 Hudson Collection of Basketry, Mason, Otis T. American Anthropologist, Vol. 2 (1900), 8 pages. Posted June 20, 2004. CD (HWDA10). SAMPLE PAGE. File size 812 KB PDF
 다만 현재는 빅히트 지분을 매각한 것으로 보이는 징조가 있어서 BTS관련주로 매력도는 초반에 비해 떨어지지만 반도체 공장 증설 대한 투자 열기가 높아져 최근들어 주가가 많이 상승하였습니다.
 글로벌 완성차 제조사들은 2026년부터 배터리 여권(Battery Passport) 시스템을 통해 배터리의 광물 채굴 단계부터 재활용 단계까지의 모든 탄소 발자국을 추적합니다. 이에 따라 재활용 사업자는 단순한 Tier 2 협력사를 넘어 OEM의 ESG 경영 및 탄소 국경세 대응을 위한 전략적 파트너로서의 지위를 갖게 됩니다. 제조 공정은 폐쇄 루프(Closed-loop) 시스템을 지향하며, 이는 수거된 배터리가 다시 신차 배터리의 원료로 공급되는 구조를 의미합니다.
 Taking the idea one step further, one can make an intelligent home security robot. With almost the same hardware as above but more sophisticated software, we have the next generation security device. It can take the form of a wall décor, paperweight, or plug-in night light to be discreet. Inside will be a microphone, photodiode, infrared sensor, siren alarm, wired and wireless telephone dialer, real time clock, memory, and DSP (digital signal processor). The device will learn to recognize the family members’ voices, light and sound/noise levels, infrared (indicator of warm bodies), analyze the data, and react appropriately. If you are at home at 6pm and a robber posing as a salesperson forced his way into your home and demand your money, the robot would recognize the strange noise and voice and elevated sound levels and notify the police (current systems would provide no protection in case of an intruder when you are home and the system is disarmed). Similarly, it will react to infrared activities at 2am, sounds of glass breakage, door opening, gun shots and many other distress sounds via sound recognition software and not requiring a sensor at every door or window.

==

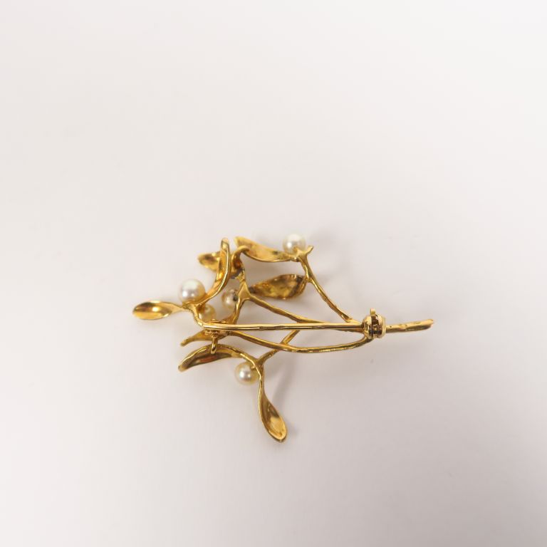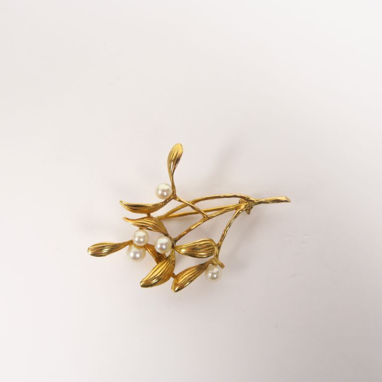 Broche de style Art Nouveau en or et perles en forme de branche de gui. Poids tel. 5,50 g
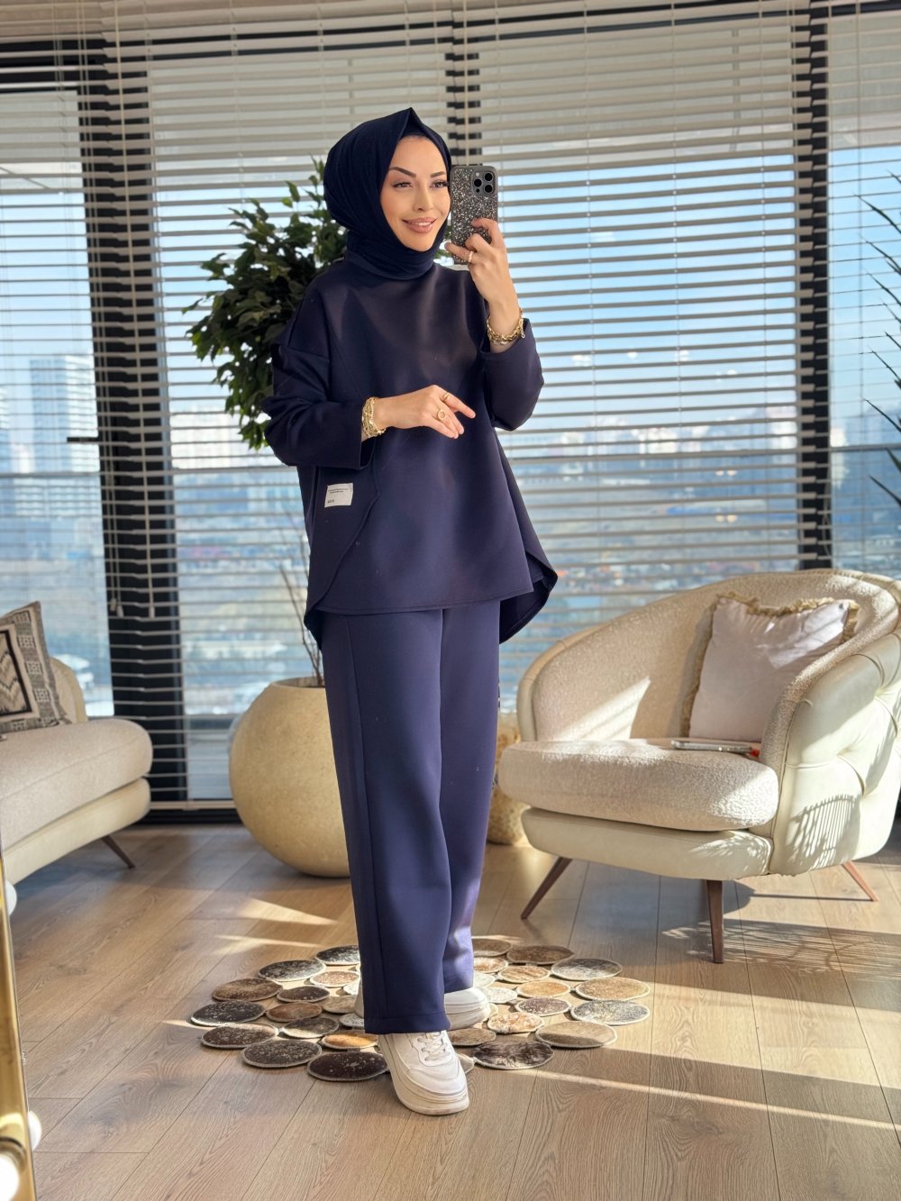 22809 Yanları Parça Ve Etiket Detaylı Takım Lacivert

* * *

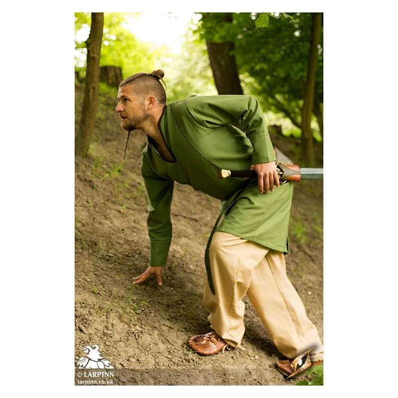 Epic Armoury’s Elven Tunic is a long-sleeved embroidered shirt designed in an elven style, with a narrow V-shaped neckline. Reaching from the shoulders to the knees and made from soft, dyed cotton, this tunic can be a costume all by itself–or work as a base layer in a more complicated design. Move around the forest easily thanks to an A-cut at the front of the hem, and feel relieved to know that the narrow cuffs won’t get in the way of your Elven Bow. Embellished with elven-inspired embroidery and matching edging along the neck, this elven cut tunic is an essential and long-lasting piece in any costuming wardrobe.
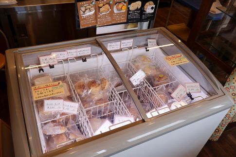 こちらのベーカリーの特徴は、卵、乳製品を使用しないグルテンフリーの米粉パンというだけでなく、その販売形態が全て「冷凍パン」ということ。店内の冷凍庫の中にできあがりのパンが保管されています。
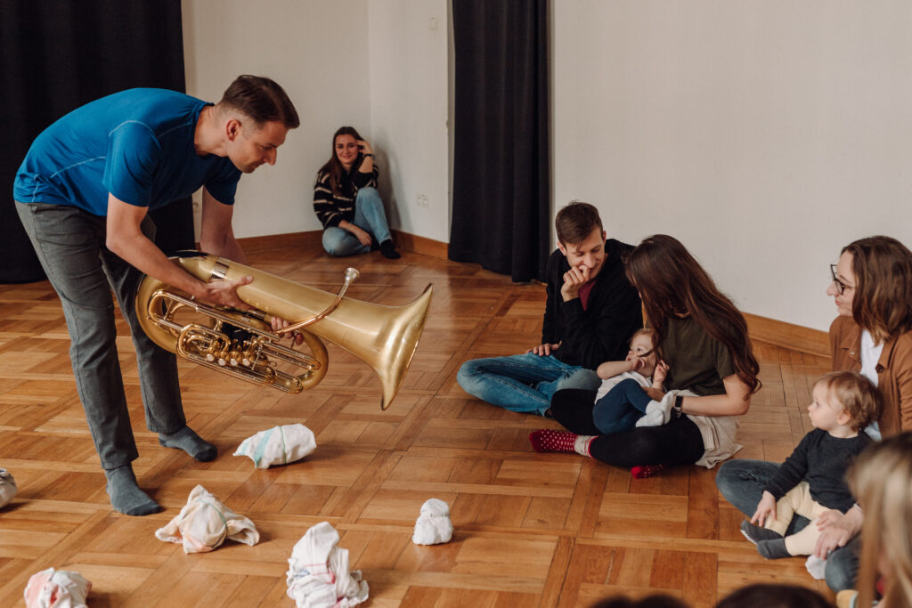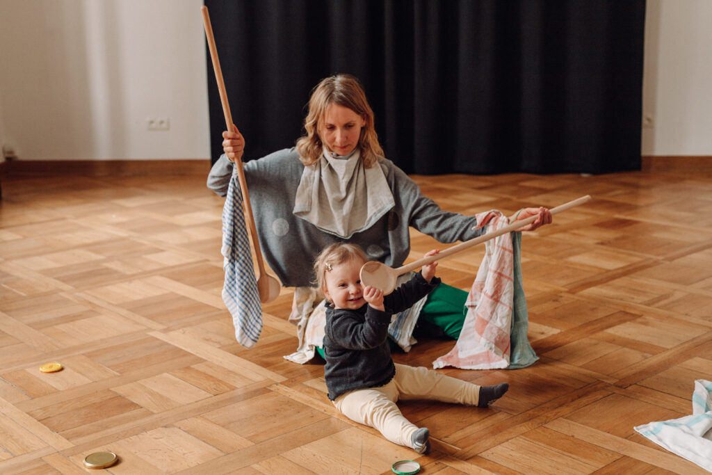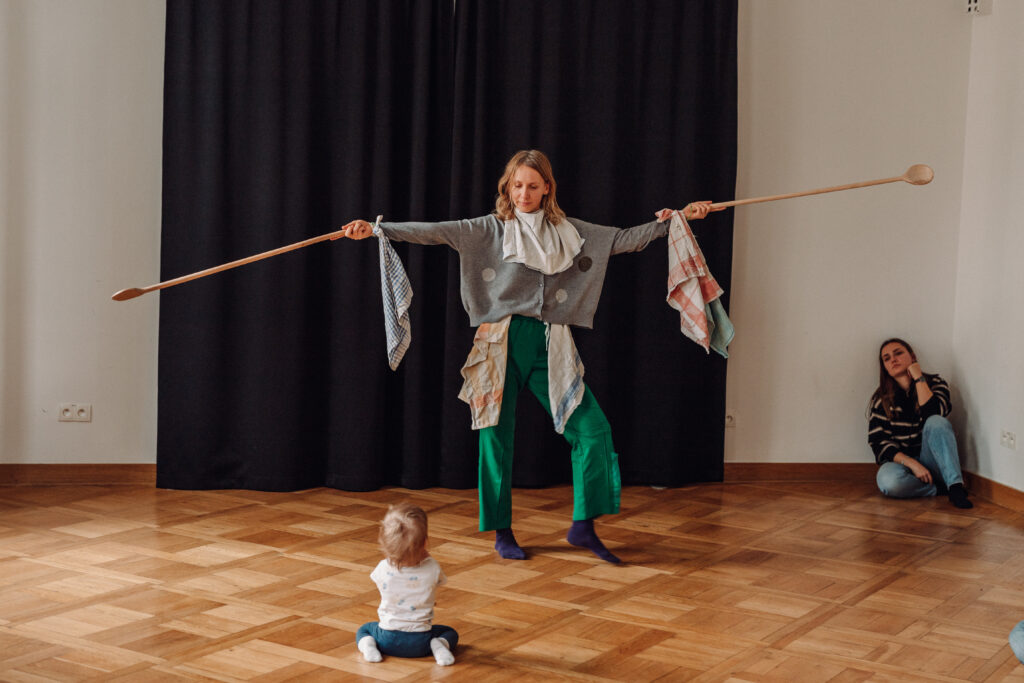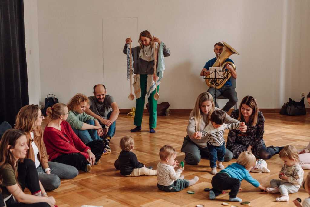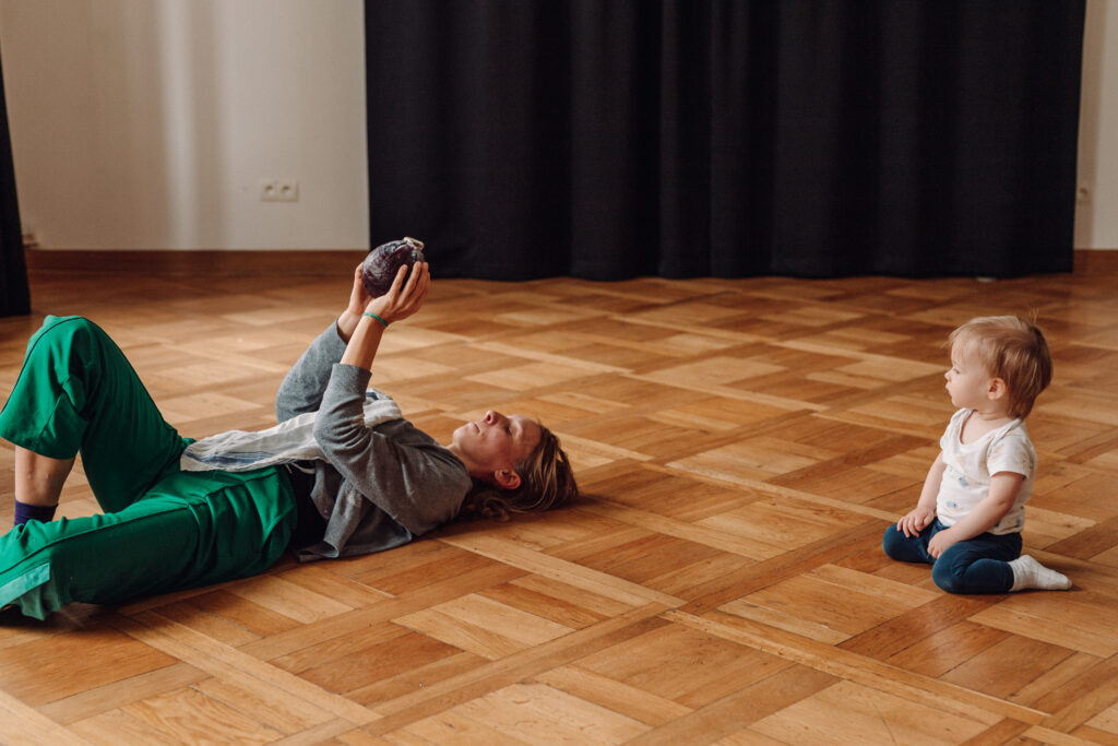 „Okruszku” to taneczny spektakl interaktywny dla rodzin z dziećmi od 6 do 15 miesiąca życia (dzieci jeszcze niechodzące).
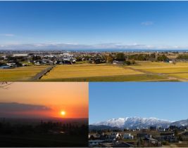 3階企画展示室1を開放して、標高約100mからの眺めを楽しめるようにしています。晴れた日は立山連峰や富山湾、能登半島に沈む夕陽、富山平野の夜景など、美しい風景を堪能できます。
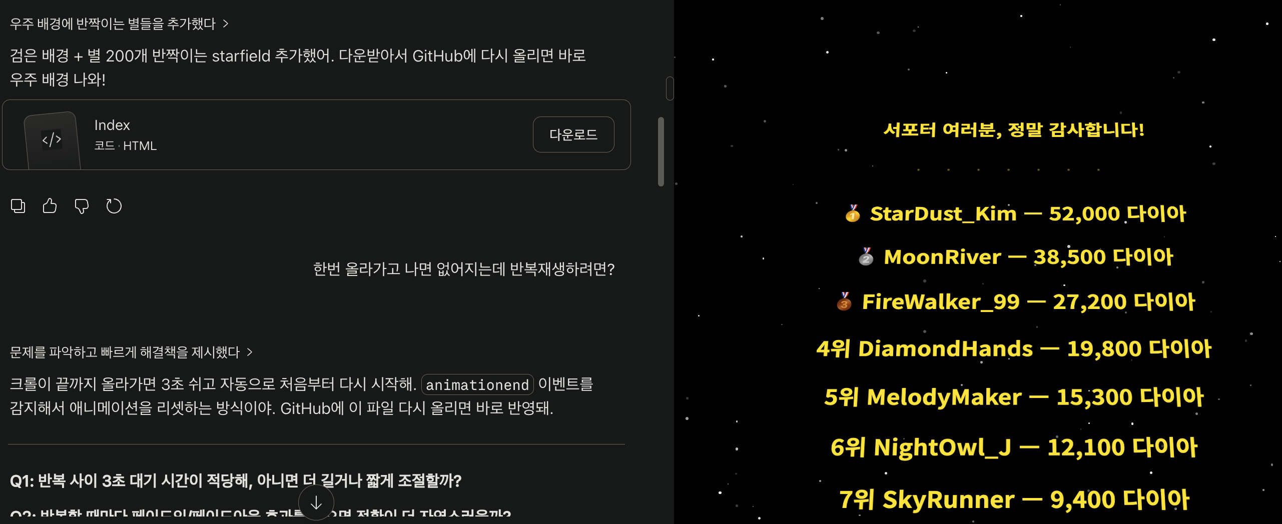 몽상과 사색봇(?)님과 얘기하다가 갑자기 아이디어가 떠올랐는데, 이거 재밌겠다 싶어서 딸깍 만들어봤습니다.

**Work request**
Above are some records. Reproduce the lines from the one with "(dzieci jeszcze niechodzące)." down to the one with "몽상과 사색봇(?)님과 얘기하다가", keeping both, and leave every picture out.

**Exercise response**
 „Okruszku” to taneczny spektakl interaktywny dla rodzin z dziećmi od 6 do 15 miesiąca życia (dzieci jeszcze niechodzące).
 3階企画展示室1を開放して、標高約100mからの眺めを楽しめるようにしています。晴れた日は立山連峰や富山湾、能登半島に沈む夕陽、富山平野の夜景など、美しい風景を堪能できます。
 몽상과 사색봇(?)님과 얘기하다가 갑자기 아이디어가 떠올랐는데, 이거 재밌겠다 싶어서 딸깍 만들어봤습니다.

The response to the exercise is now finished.